Intro to Measurement Error Issues

(based on Hausman (JEP 2001) and textbook info) The Point: Sometimes the data we have do not do a perfect job of measuring the variable of interest, due to things like people’s survey responses being imprecise. This may be true about variables on the LHS or RHS in the regression, but the implications of each are different. A number of ways have been proposed to deal with the problems created by measurement error. Main issues: (see additional pages for the derivations we did in class)

1) Classical measurement error (in X) -- OLS will underestimate the true effect

- note that the coefficients on the other variables will be biased in unknown direction - note that if more than one variable has measurement error, we have a mess

2) Getting an upper bound on correct coefficient in cases of classical measurement error

3) Measurement error in Y – results in unbiased coefficient, but loss of efficiency (big SEs)

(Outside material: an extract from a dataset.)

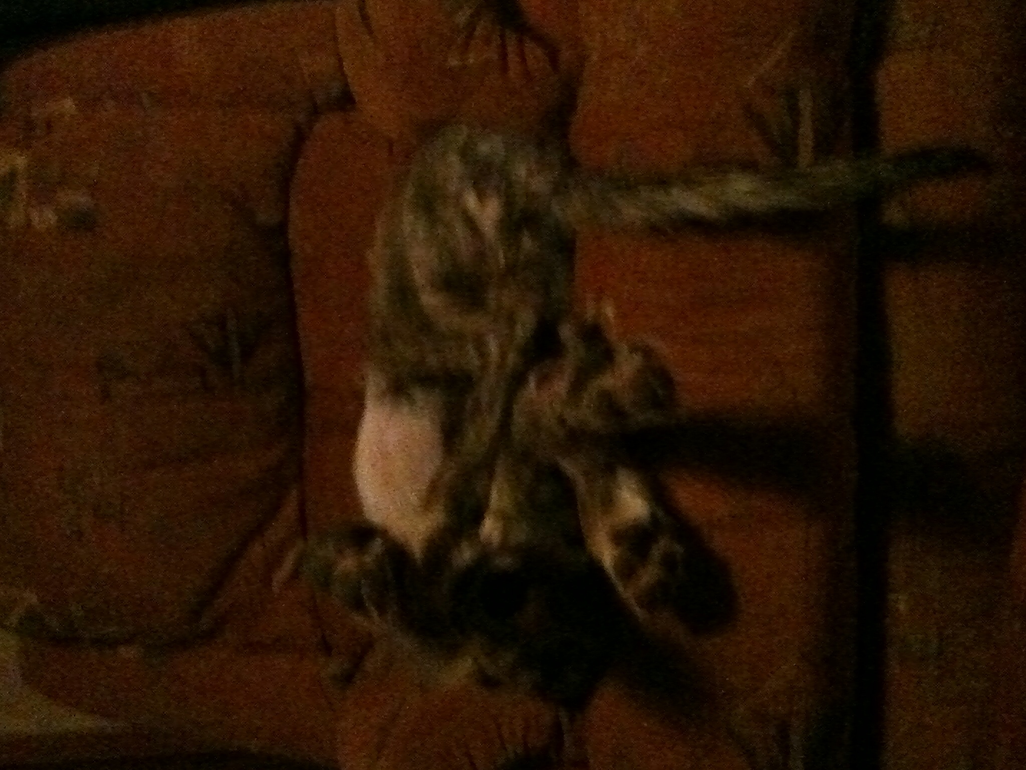 Eta: those are my legs he is laying next to. He's up by my hip and he almost spans my entire leg. Lol
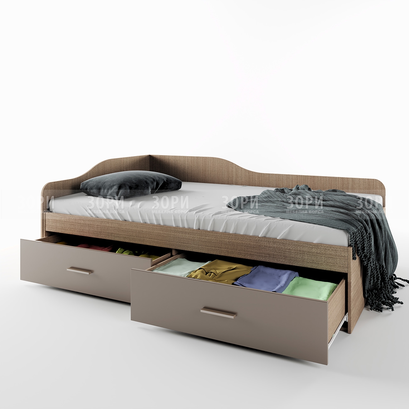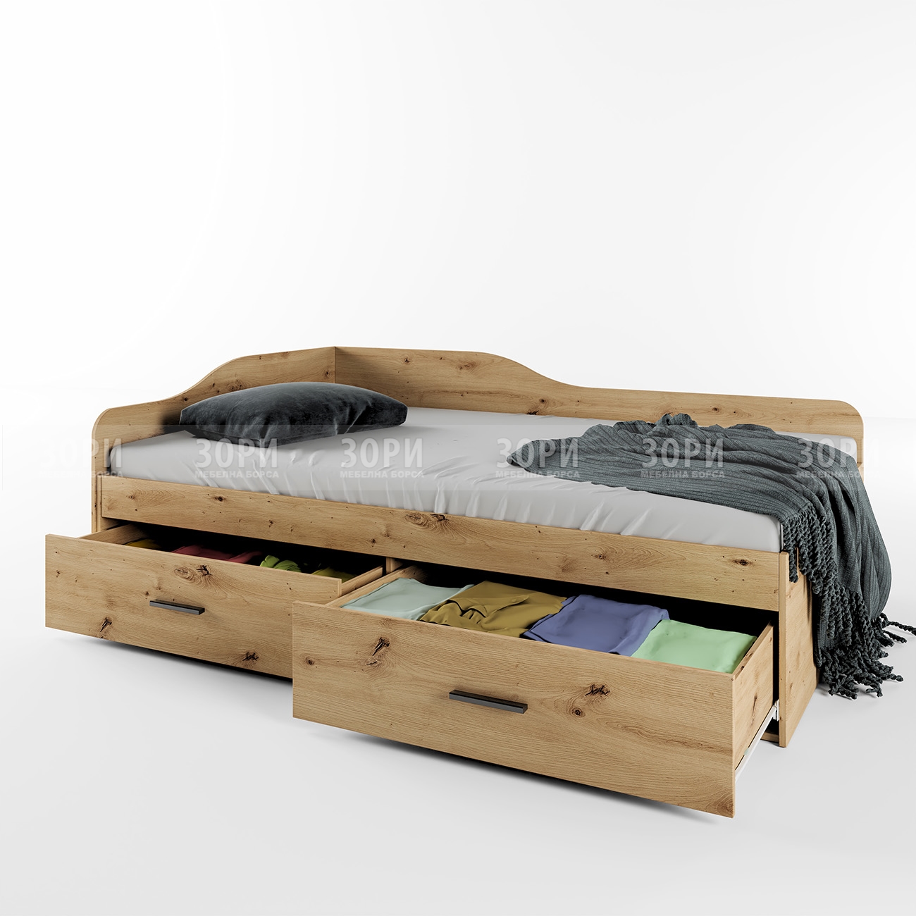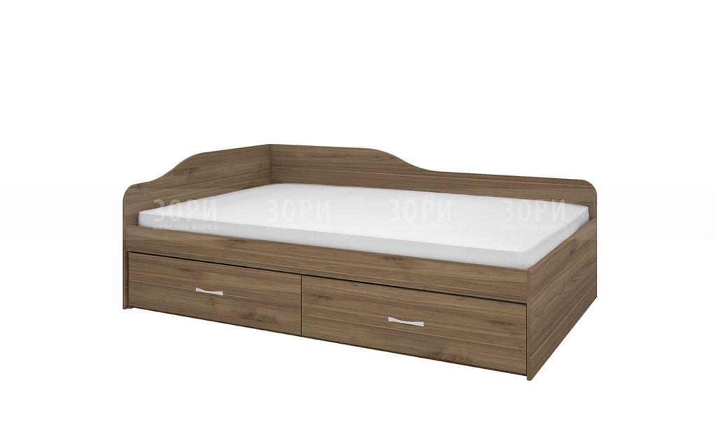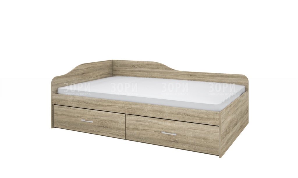 Легло с две извити табли и две чекмеджета за матрак 120/190. Изработено е от ПДЧ 16мм в цвят сонома арвен и бяло гланц хайглос. Има възможност за поставяне на ламелна рамка и двулицев матрак. Височина на луба на леглото 40см. Размер: 196/125/71 см.

If both (1) and (3) are true, the results are as expected (underestimated coeffs with large SEs). IV as a Solution to Mismeasurement: Caution The weak instruments problem can become ugly here, just as when IV is used for other sorts of endogeneity problems. Hahn and Hausman present a spec test – after estimating the model with 2SLS, do a 2SLS version of the reverse regression. Results should not differ much (otherwise the problem hasn’t been solved). Measurement Error in the LHS Variables: Probit and Logit If we have a binary dependent variable w/ measurement error (i.e. some people are misclassified), the results will be biased and inconsistent. Hausman and others provide some suggestions. Note: for the case where the LHS is mismeasured but continuous, we will have problems with quantile regression while OLS will remain unbiased.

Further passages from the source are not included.